Get current constraint status for a session
AI agents call get-constraint-status to retrieve information from MCP Interface Validator without modifying anything — typically the context-gathering step in research, monitoring, and reporting workflows, before the agent takes action elsewhere.
Even though get-constraint-status only reads data, uncontrolled read access leaks sensitive information and racks up API costs — an agent caught in a retry loop can make thousands of calls a minute without anyone noticing.
Attacks that exploit this kind of access
Get current constraint status for a session. It is categorised as a Read tool in the MCP Interface Validator MCP Server, which means it retrieves data without modifying state.
Register the MCP Interface Validator MCP server in PolicyLayer and add a rule for get-constraint-status: allow, deny, rate-limit, or require approval. Point your MCP client at the PolicyLayer proxy URL and the rule is enforced on every call, before it reaches MCP Interface Validator. Nothing to install.

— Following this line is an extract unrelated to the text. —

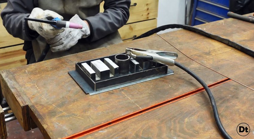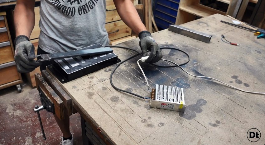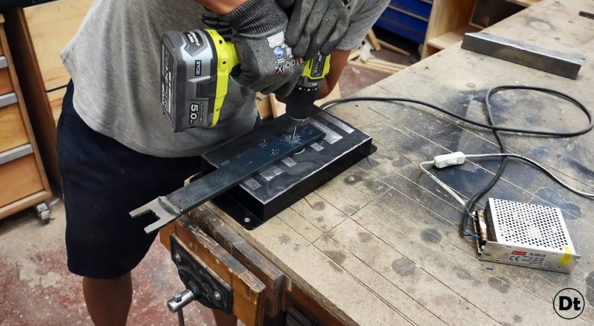 Устройство прикручивается к токарному, фрезерному станку, рабочей поверхности стола или верстака. Для этого в его углах просверливаются отверстия. Теперь при нажатии на выключатель, можно запускать магнит, намертво притягивая к нему все металлическое уложенное сверху. Трубка в центре позволят сверлить сверху, не повреждая сверлом само устройство.
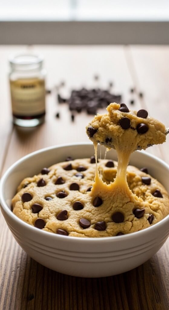 This is the one everyone reaches for first. Heat-treated all-purpose flour, softened butter, brown sugar, and vanilla come together in minutes. The key is getting the flour temperature right — 165°F in the microwave or oven kills any bacteria without cooking the dough. Once it cools, mix in powdered sugar, a splash of milk for consistency, and a generous handful of mini chocolate chips. Keep it in the fridge for up to a week. Eat it straight from the bowl, no apologies needed.

get-constraint-status is a Read tool with low risk. Read-only tools are generally safe to allow by default.
Yes. Add a rate_limit block to the get-constraint-status rule in your PolicyLayer policy. For example, setting max: 10 and window: 60 limits the tool to 10 calls per minute. Rate limits are tracked per agent session and reset automatically.
Set action: deny in the PolicyLayer policy for get-constraint-status. The AI agent will receive a policy violation error and cannot call the tool. You can also include a reason field to explain why the tool is blocked.
get-constraint-status is provided by the MCP Interface Validator MCP server (xiaoxiaofeiya/mcp-interface-validator). PolicyLayer sits as a proxy in front of this server to enforce policies before tool calls reach the server.